## YOUR GOAL
Everything in the records must appear again exactly, except the images.

## SOURCE INFORMATION
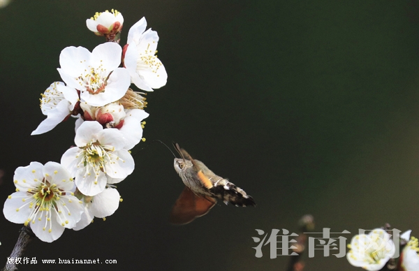 2月19日,洞山宾馆院内梅花丛中,一只美丽的蜂蛾如精灵般在繁花枝头穿梭、采蜜。
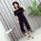 17新品韩版时尚女一字领露肩压褶荷叶边收腰系带雪纺连体裤阔腿裤
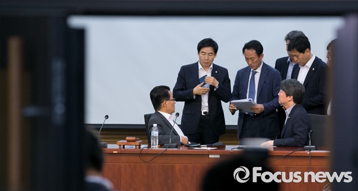 (서울=포커스뉴스) 28일 오전 서울 여의도 국회 의원회관에서 왕주현 전 사무부총장 구속 등 리베이트 수수 의혹 관련 비공개 국민의당 의원총회를 마친 안철수 상임공동대표, 천정배 공동대표, 박지원 원내대표 등 의원들이 논의하고 있다.
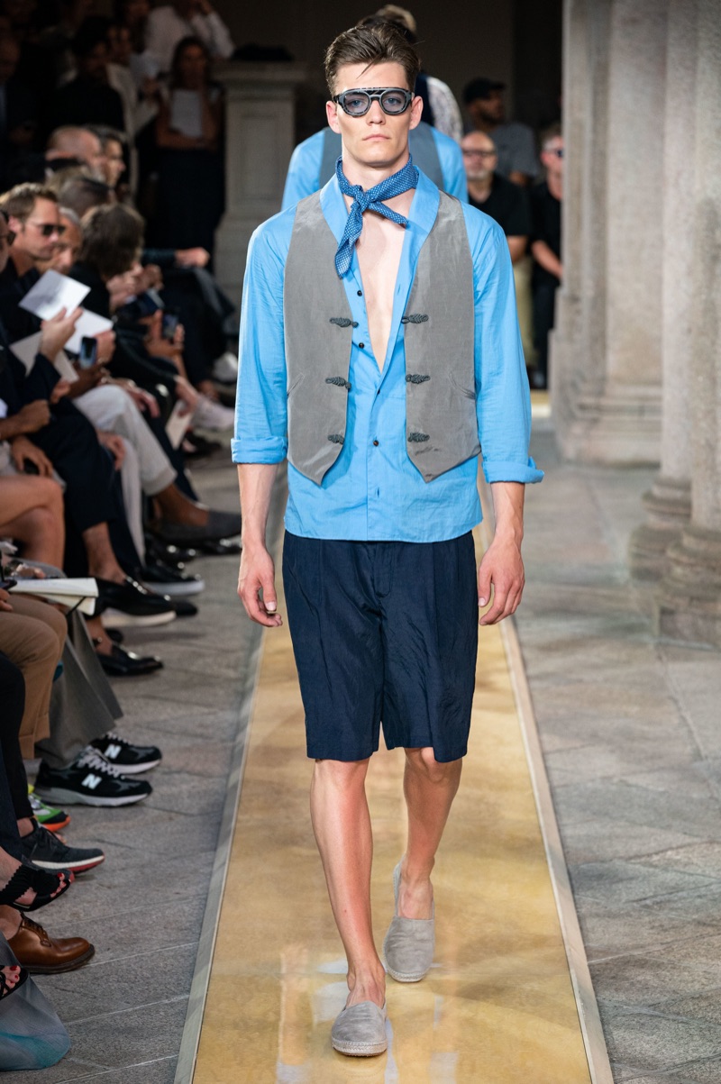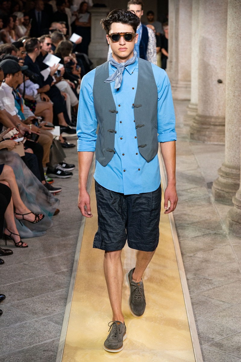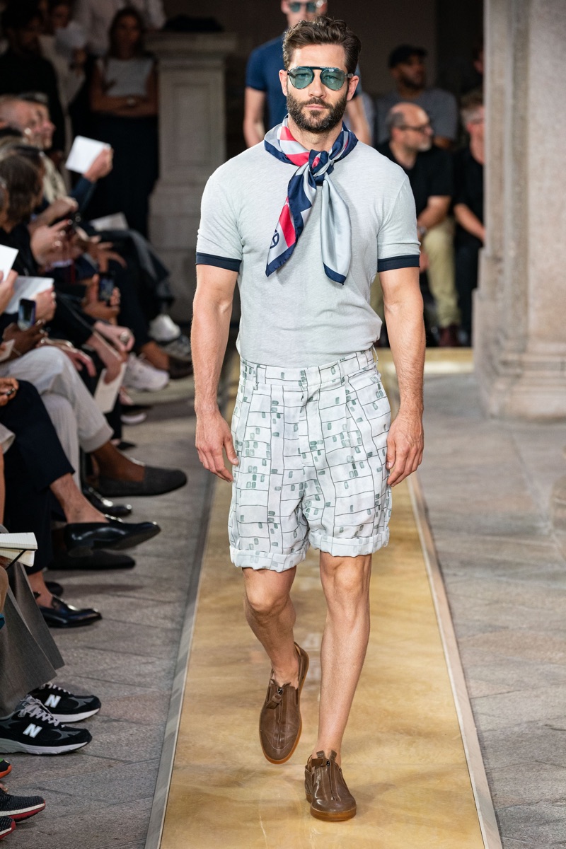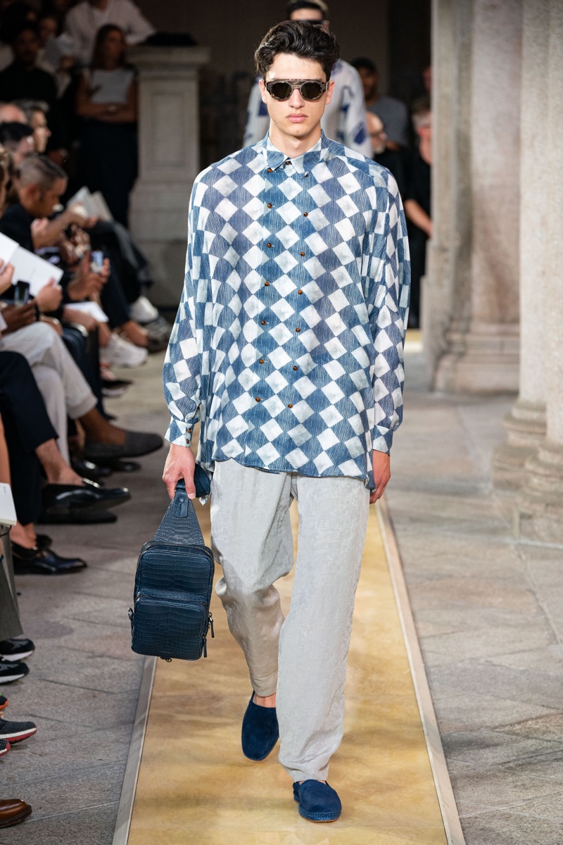 Giorgio Armani breezes into summer with a sleek new collection debuted during Milan Fashion Week. For spring-summer 2020, Armani’s metropolitan man receives a style update with coastal influences. Blue, brown, and grey hues paint a chic picture for the season with a wardrobe of interchangeable pieces. Pre-wrinkled fabrics bring a certain casualness to Armani’s timeless tailoring. The collection opens with a minimal suit and waistcoat, before transitioning into lightweight knit cardigans, windowpane print jackets, pinstripe trousers, and more. Linen neutrals open the door to graphic prints and chambray pants. Oversized relaxed shirts, silk bombers, and patterned shorts contribute to Armani’s stellar range as well.
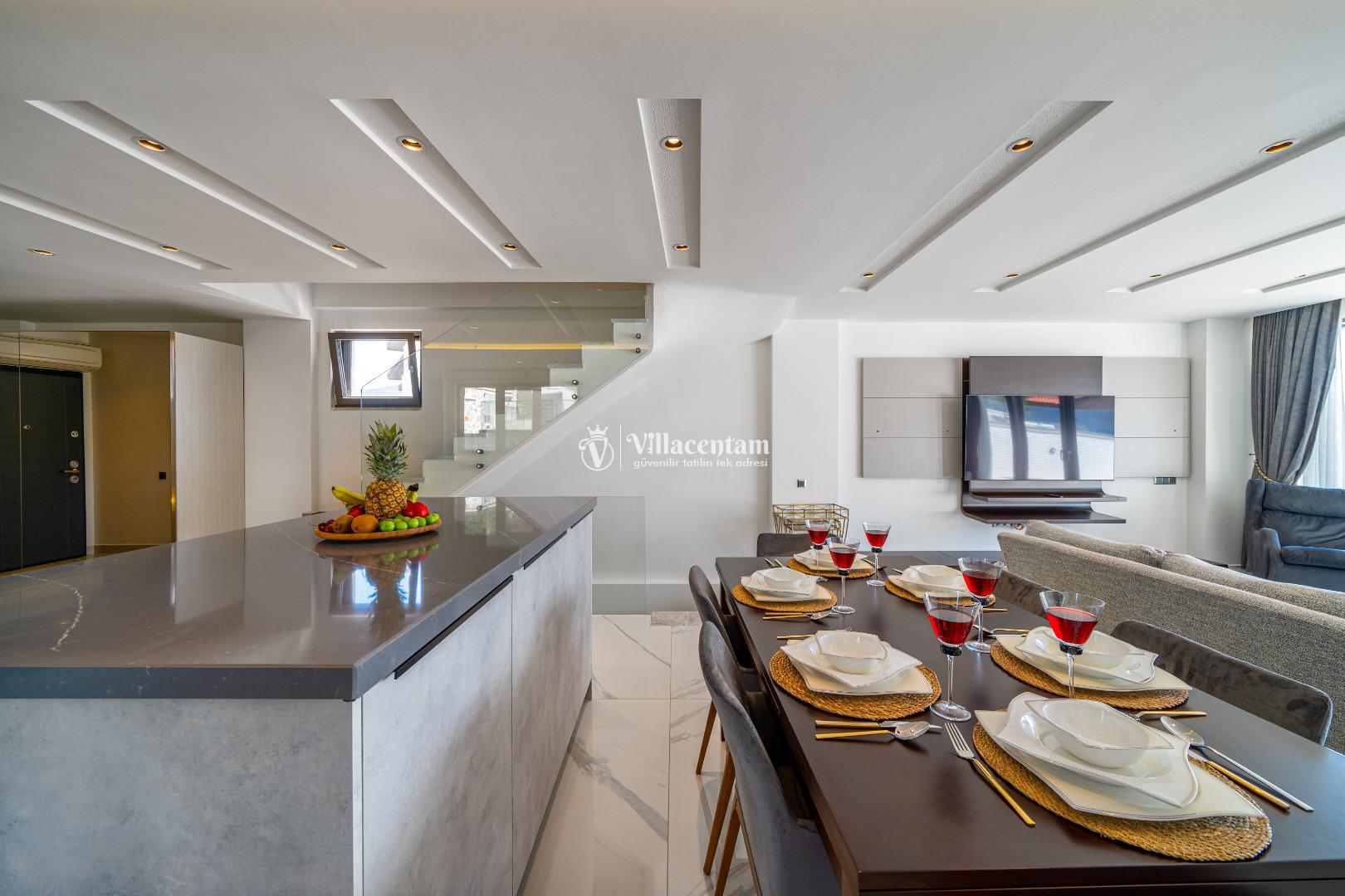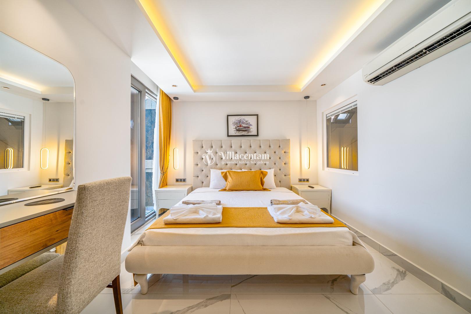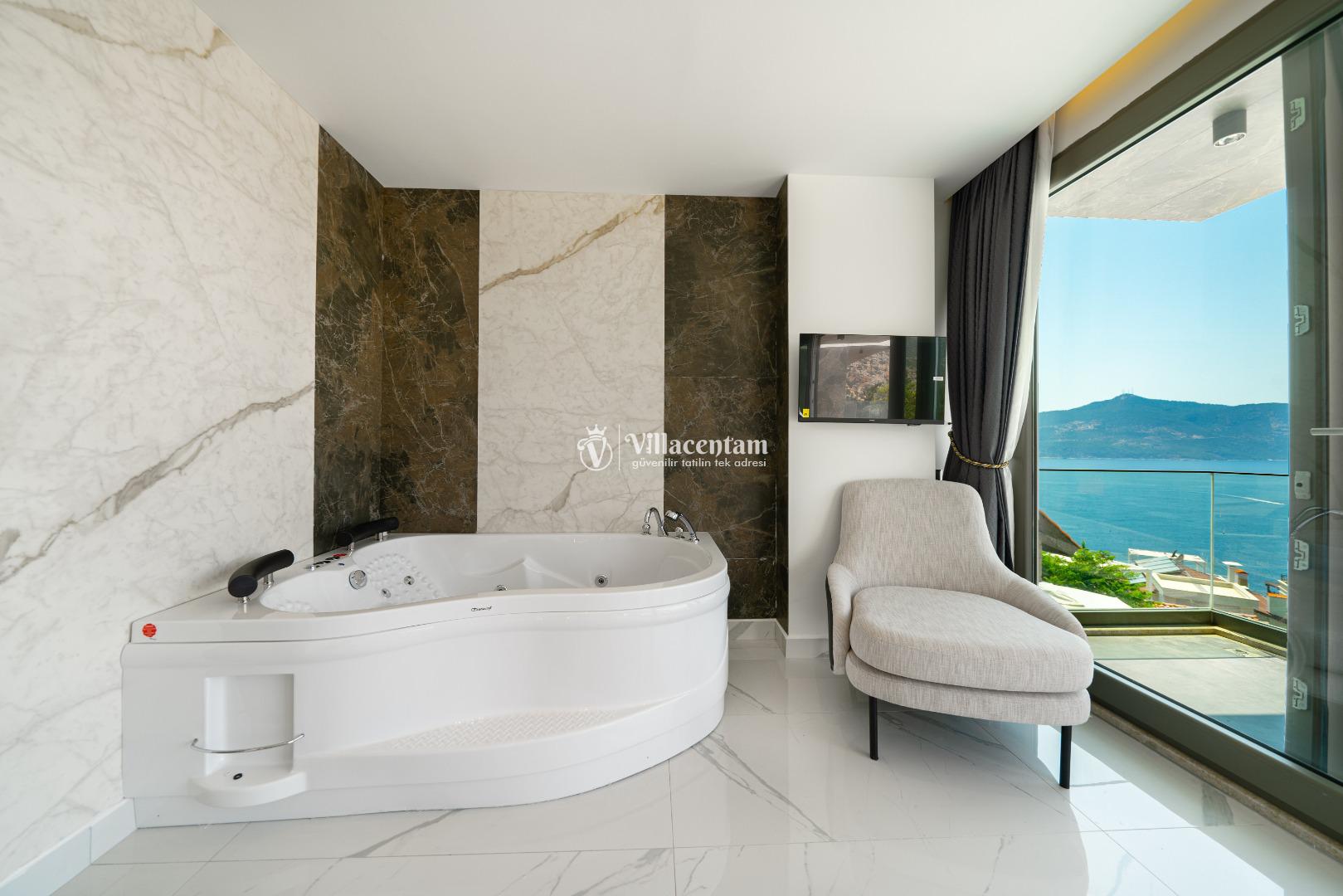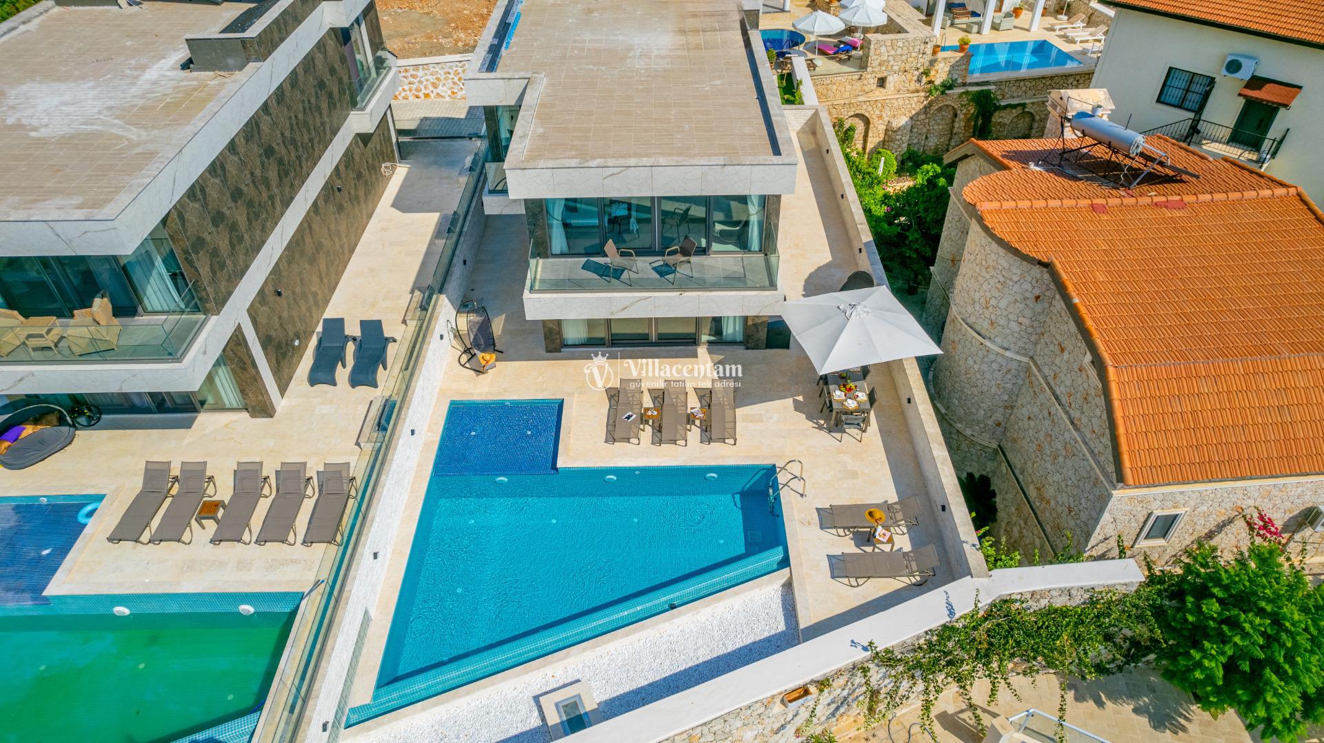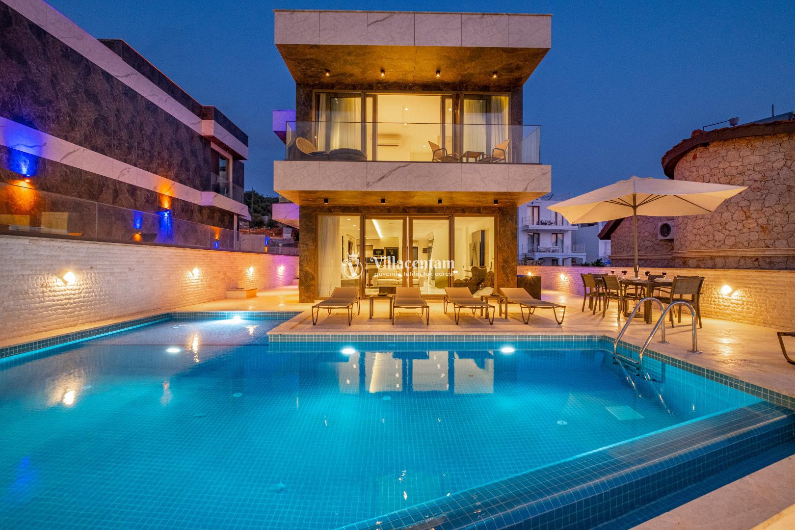 Modern mimariye sahip villamızda özel yüzme havuzu, jakuzi, sauna, Türk hamamı ve ısıtmalı kapalı havuz gibi ayrıcalıklı özellikler bulunmaktadır. Geniş havuz terası, güneşlenme alanı ve oturma grupları sayesinde gün boyu keyifli vakit geçirebilir, akşam saatlerinde ise Kalkan’ın eşsiz manzarası eşliğinde dinlenebilirsiniz.
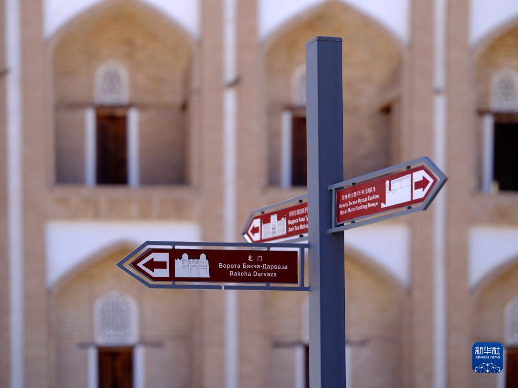 這是9月22日在烏茲別克斯坦花拉子模州的希瓦古城拍攝的古建筑路標。路標指示出阿米爾·圖拉經學院和哈桑·穆拉德庫什別吉清真寺的位置,并有中文標示。
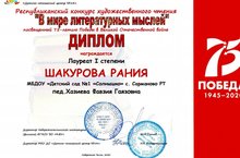Республиканский конкурс художественного чтения "В мире литературных мыслей", посвященный 75-летию Победы Великой Отечественной войне. 13.05.2020
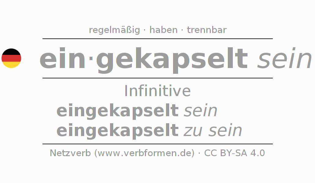 Das Verb einkapseln vollständig in allen Personen und Numeri im Infinitiv Präsens Perfekt konjugiert
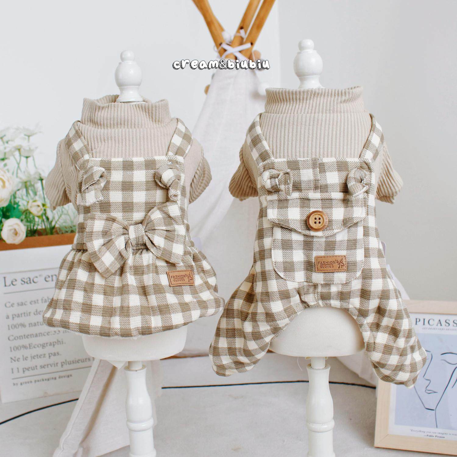 宠物狗狗猫咪衣服加绒厚款格子情侣装背带裙四脚裤泰迪比熊约克夏
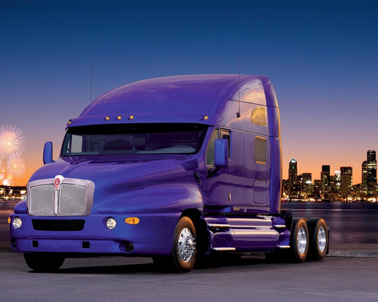 Обои Мощный сиреневый тягач на фоне города
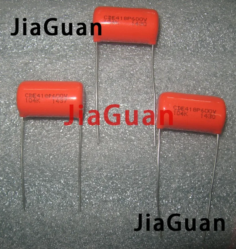 This set of 10 high-quality orange film capacitors features a voltage rating of 600V and a capacitance of 0.1µF with a ±10% tolerance and a construction code of 104K. Measuring approximately 28mm in length, 15mm in width, and 15mm in height, with a 25mm lead spacing, these MKP (metallized polypropylene) capacitors are ideal for audio, high-frequency, and professional electronic applications. Their bright orange, glossy exterior boasts a sleek, modern aesthetic, combining durability with a vibrant visual appeal. Designed for reliable performance in demanding circuits, these capacitors are perfect for enhance your electronic projects with precision and confidence.
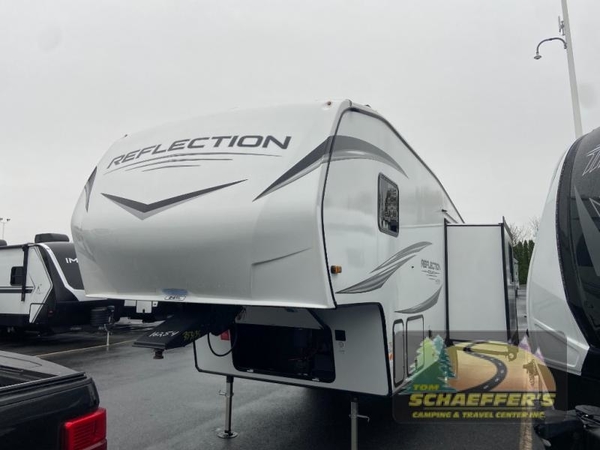 Each Reflection 100 Series fifth wheel by Grand Design is affordable and packed with luxury for unforgettable camping memories! The MorRyde CRE3000 suspension system and Goodyear Endurance tires will provide smooth towing from home to campground. And the solar package with a 180W solar panel, 60 Amp charge controller and 12V refrigerator will allow you to camp for longer periods of time and in more locations! A heated and enclosed underbelly with circulating heat is included in the Arctic 4-Seasons Protection Package, along with a double insulated roof and front cap, and thermofoil insulation under the holding tanks so you can camp all year long if you choose. You will appreciate having an on-demand water heater for hot showers after exploring, and the universal all-in-one docking station will let you monitor your RVs tanks levels and functions with ease. These models also include many luxurious interior features, such as premium Congoleum flooring, pleated shades, residential cabinetry, and matte black fixtures and hardware. Don't let the Reflection 100 Series fifth wheels pass you by!
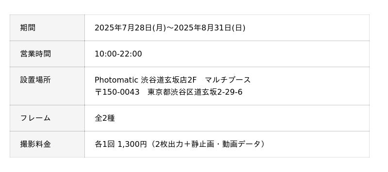 Photomatic 渋谷道玄坂店でも期間限定で撮影可能!
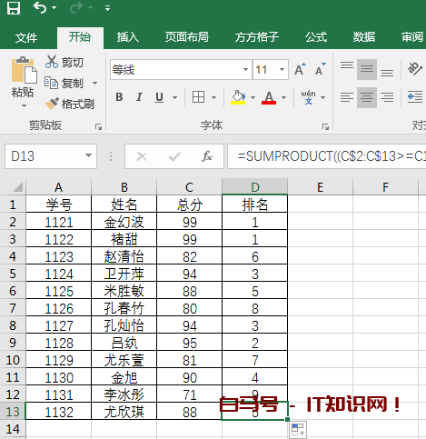 接着我们看看【(C$2:C$13>=C2)】这一部分,它的作用是判断C2:C13单元格区域中的成绩是否大于等于当前的C2成绩,如果成立返回TRUE,否则返回FALSE。返回结果为{TRUE;TRUE;FALSE;FALSE;FALSE;FALSE;FALSE;FALSE;FALSE;FALSE;FALSE;FALSE}
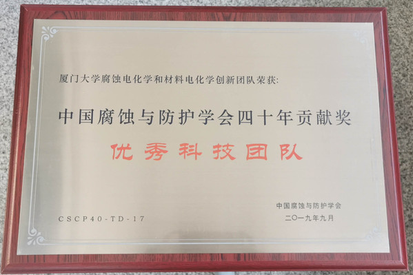 23. 荣获2019年中国腐蚀与防护学会40年贡献奖“优秀科技团队”(创新团队负责人);
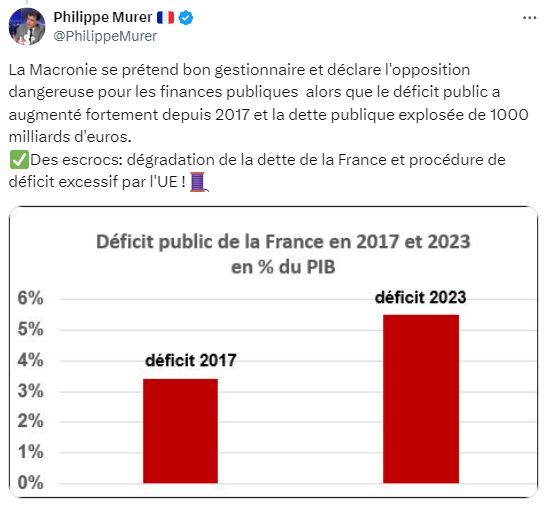 Et même si Bardella ne peut pas tout faire tout de suite, son programme est nettement plus approprié au redressement, financier et social que celui de LFI, Gluckmann et les Verts réunis et qui est peu ou prou celui que nous ont fait subir Macron et sa clique depuis 7 ans. Les graphiques de l’article parlent tous seuls !

## REPLY
 2月19日,洞山宾馆院内梅花丛中,一只美丽的蜂蛾如精灵般在繁花枝头穿梭、采蜜。
 17新品韩版时尚女一字领露肩压褶荷叶边收腰系带雪纺连体裤阔腿裤
 (서울=포커스뉴스) 28일 오전 서울 여의도 국회 의원회관에서 왕주현 전 사무부총장 구속 등 리베이트 수수 의혹 관련 비공개 국민의당 의원총회를 마친 안철수 상임공동대표, 천정배 공동대표, 박지원 원내대표 등 의원들이 논의하고 있다.
 Giorgio Armani breezes into summer with a sleek new collection debuted during Milan Fashion Week. For spring-summer 2020, Armani’s metropolitan man receives a style update with coastal influences. Blue, brown, and grey hues paint a chic picture for the season with a wardrobe of interchangeable pieces. Pre-wrinkled fabrics bring a certain casualness to Armani’s timeless tailoring. The collection opens with a minimal suit and waistcoat, before transitioning into lightweight knit cardigans, windowpane print jackets, pinstripe trousers, and more. Linen neutrals open the door to graphic prints and chambray pants. Oversized relaxed shirts, silk bombers, and patterned shorts contribute to Armani’s stellar range as well.
 Modern mimariye sahip villamızda özel yüzme havuzu, jakuzi, sauna, Türk hamamı ve ısıtmalı kapalı havuz gibi ayrıcalıklı özellikler bulunmaktadır. Geniş havuz terası, güneşlenme alanı ve oturma grupları sayesinde gün boyu keyifli vakit geçirebilir, akşam saatlerinde ise Kalkan’ın eşsiz manzarası eşliğinde dinlenebilirsiniz.
 這是9月22日在烏茲別克斯坦花拉子模州的希瓦古城拍攝的古建筑路標。路標指示出阿米爾·圖拉經學院和哈桑·穆拉德庫什別吉清真寺的位置,并有中文標示。
Республиканский конкурс художественного чтения "В мире литературных мыслей", посвященный 75-летию Победы Великой Отечественной войне. 13.05.2020
 Das Verb einkapseln vollständig in allen Personen und Numeri im Infinitiv Präsens Perfekt konjugiert
 宠物狗狗猫咪衣服加绒厚款格子情侣装背带裙四脚裤泰迪比熊约克夏
 Обои Мощный сиреневый тягач на фоне города
 This set of 10 high-quality orange film capacitors features a voltage rating of 600V and a capacitance of 0.1µF with a ±10% tolerance and a construction code of 104K. Measuring approximately 28mm in length, 15mm in width, and 15mm in height, with a 25mm lead spacing, these MKP (metallized polypropylene) capacitors are ideal for audio, high-frequency, and professional electronic applications. Their bright orange, glossy exterior boasts a sleek, modern aesthetic, combining durability with a vibrant visual appeal. Designed for reliable performance in demanding circuits, these capacitors are perfect for enhance your electronic projects with precision and confidence.
 Each Reflection 100 Series fifth wheel by Grand Design is affordable and packed with luxury for unforgettable camping memories! The MorRyde CRE3000 suspension system and Goodyear Endurance tires will provide smooth towing from home to campground. And the solar package with a 180W solar panel, 60 Amp charge controller and 12V refrigerator will allow you to camp for longer periods of time and in more locations! A heated and enclosed underbelly with circulating heat is included in the Arctic 4-Seasons Protection Package, along with a double insulated roof and front cap, and thermofoil insulation under the holding tanks so you can camp all year long if you choose. You will appreciate having an on-demand water heater for hot showers after exploring, and the universal all-in-one docking station will let you monitor your RVs tanks levels and functions with ease. These models also include many luxurious interior features, such as premium Congoleum flooring, pleated shades, residential cabinetry, and matte black fixtures and hardware. Don't let the Reflection 100 Series fifth wheels pass you by!
 Photomatic 渋谷道玄坂店でも期間限定で撮影可能!
 接着我们看看【(C$2:C$13>=C2)】这一部分,它的作用是判断C2:C13单元格区域中的成绩是否大于等于当前的C2成绩,如果成立返回TRUE,否则返回FALSE。返回结果为{TRUE;TRUE;FALSE;FALSE;FALSE;FALSE;FALSE;FALSE;FALSE;FALSE;FALSE;FALSE}
 23. 荣获2019年中国腐蚀与防护学会40年贡献奖“优秀科技团队”(创新团队负责人);
 Et même si Bardella ne peut pas tout faire tout de suite, son programme est nettement plus approprié au redressement, financier et social que celui de LFI, Gluckmann et les Verts réunis et qui est peu ou prou celui que nous ont fait subir Macron et sa clique depuis 7 ans. Les graphiques de l’article parlent tous seuls !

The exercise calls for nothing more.